Before script execution, you can configure browser behavior using the operation's options like:

  • Emulate specific devices
  • Set custom headers
  • Enable stealth mode to avoid detection
  • Configure proxy settings
  • Set page load timeouts
  • And more

Access Puppeteer-specific objects using:

  • $page - Current page instance
  • $browser - Browser instance
  • $puppeteer - Puppeteer library

Plus all special variables and methods from the Code node are available. For a complete reference, see the n8n documentation.
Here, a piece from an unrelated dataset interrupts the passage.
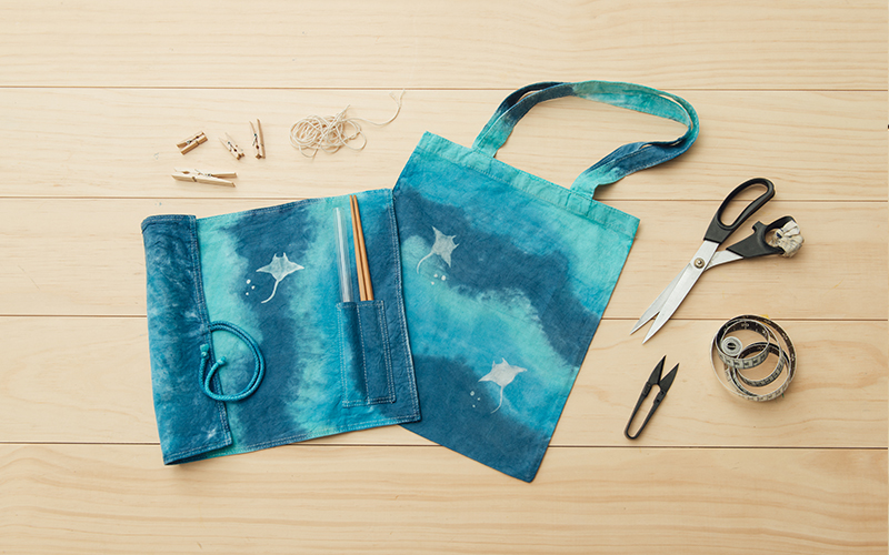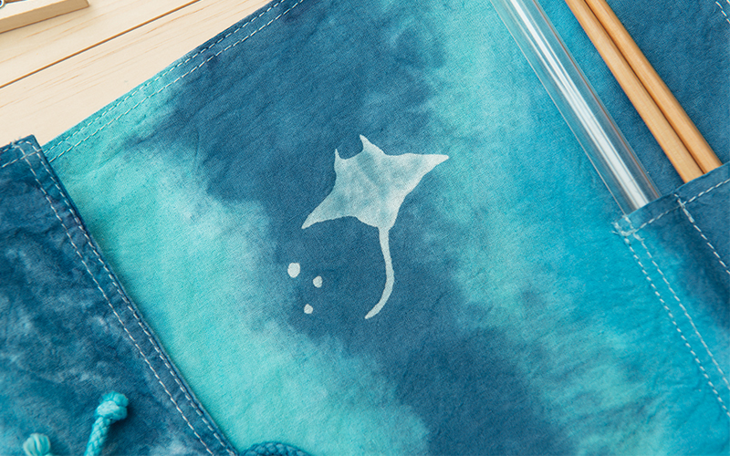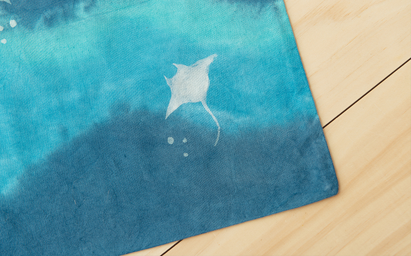 課程中還可以完成簡單的海生物型版,以染色打造自己的海洋世界。 這是由染師學習各國手染文化後,整理出的精華工作坊,從認識染材、染紋構成、綑綁、上色、製作型版到完成作品,一步一步完成專屬於你的染織作品。

Just like n8n's Code node, anything you console.log will be shown in the browser's console during test mode or in stdout when configured.

Basic

// Navigate to an IP lookup service
await $page.goto("https://httpbin.org/ip");

// Extract the IP address from the page content
const ipData = await $page.evaluate(() => {
  const response = document.body.innerText;
  const parsed = JSON.parse(response);
  return parsed.origin; // Extract the 'origin' field, which typically contains the IP address
});

console.log("Hello, world!");

console.log("IP Address", ipData);

// Return the result in the required format (array)
return [{ ip: ipData, ...$json }];

Storing and re-using cookies

Node 1

await $page.goto("https://www.example.com/login");

// Perform login
await $page.type("#login-username", "user");
await $page.type("#login-password", "pass");
await $page.click("#login-button");

// Store cookies for later use
const cookies = await $page.cookies();

return [{ cookies }];

Node 2

const { cookies } = $input.first().json;

// Restore cookies
await $page.setCookie(...cookies);

// Navigate to authenticated page
await $page.goto("https://example.com/protected-page");

// Perform authenticated operations
const data = await $page.evaluate(() => {
  return document.querySelector(".protected-content").textContent;
});

return [{ data }];

Working with Binary Data

await $page.goto("https://www.google.com");
const imageData = await $page.screenshot({ type: "png", encoding: "base64" });
return [
  {
    binary: {
      screenshot: {
        data: imageData,
        mimeType: "image/png",
        fileName: "screenshot.png",
      },
    },
  },
];

Screenshots

Run Custom Script

Get Page Content

Get Screenshot

License

MIT License

Copyright (c) 2022-2024 Nicholas Penree [email protected]

Permission is hereby granted, free of charge, to any person obtaining a copy of this software and associated documentation files (the "Software"), to deal in the Software without restriction, including without limitation the rights to use, copy, modify, merge, publish, distribute, sublicense, and/or sell copies of the Software, and to permit persons to whom the Software is furnished to do so, subject to the following conditions:

The above copyright notice and this permission notice shall be included in all copies or substantial portions of the Software.

THE SOFTWARE IS PROVIDED "AS IS", WITHOUT WARRANTY OF ANY KIND, EXPRESS OR IMPLIED, INCLUDING BUT NOT LIMITED TO THE WARRANTIES OF MERCHANTABILITY, FITNESS FOR A PARTICULAR PURPOSE AND NONINFRINGEMENT. IN NO EVENT SHALL THE AUTHORS OR COPYRIGHT HOLDERS BE LIABLE FOR ANY CLAIM, DAMAGES OR OTHER LIABILITY, WHETHER IN AN ACTION OF CONTRACT, TORT OR OTHERWISE, ARISING FROM, OUT OF OR IN CONNECTION WITH THE SOFTWARE OR THE USE OR OTHER DEALINGS IN THE SOFTWARE.